Edit TensorFlow model for training

Before adding a TensorFlow model to IBM Spectrum Conductor Deep Learning Impact, edit the model to enable distributed training capabilities or deep learning insights.

By default, IBM Spectrum Conductor Deep Learning Impact supports single-node training for TensorFlow models without deep learning insights. To change the training engine, add deep learning insights, or add hyperparameter tuning capabilities the model must be configured accordingly.

IBM Spectrum Conductor Deep Learning Impact supports the following training engines:
  • Single node training
  • Distributed training
IBM Spectrum Conductor Deep Learning Impact supports single-node training for TensorFlow models with no extra configurations needed. For distributed engines, some additional configurations are required.
Each TensorFlow model has the following files:
  • main.py: TensorFlow train model program main entrance. This file is required for all TensorFlow models using any training engine.
  • inference.py: TensorFlow inference model program main entrance.
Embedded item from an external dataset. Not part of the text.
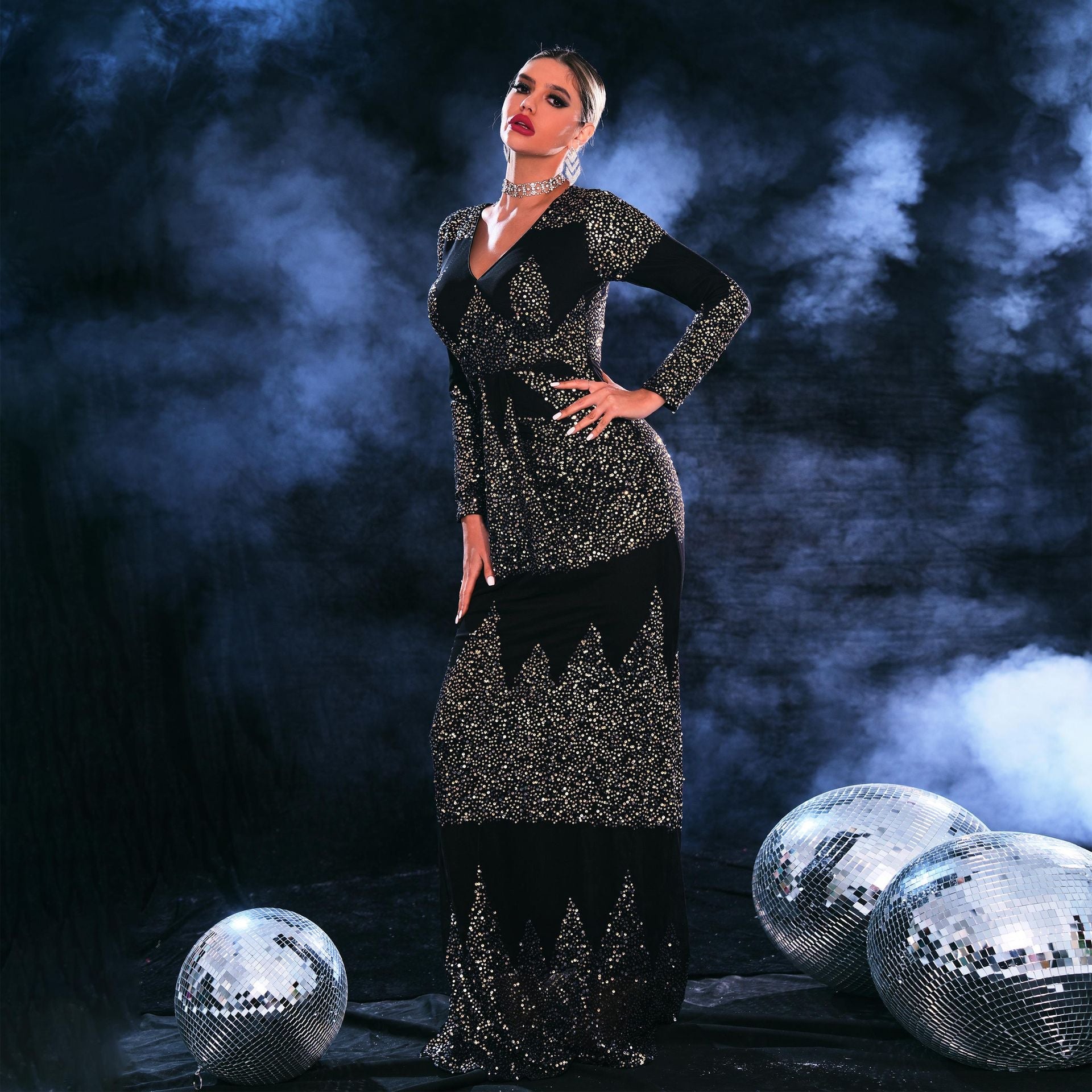 Long Sleeved Elegant V Neck Slim Fit Long Sequined Cocktail Evening Dress Bridesmaid Dress

This file is required for running validation or inference tests.
  • edi.py: TensorFlow elastic distributed inference model program main entrance. This file is required to publish training models to the elastic distributed inference engine.

To get the deep learning insights feature for TensorFlow models, edit the TensorFlow model to include deep learning insights, see Edit a TensorFlow training model for deep learning insights.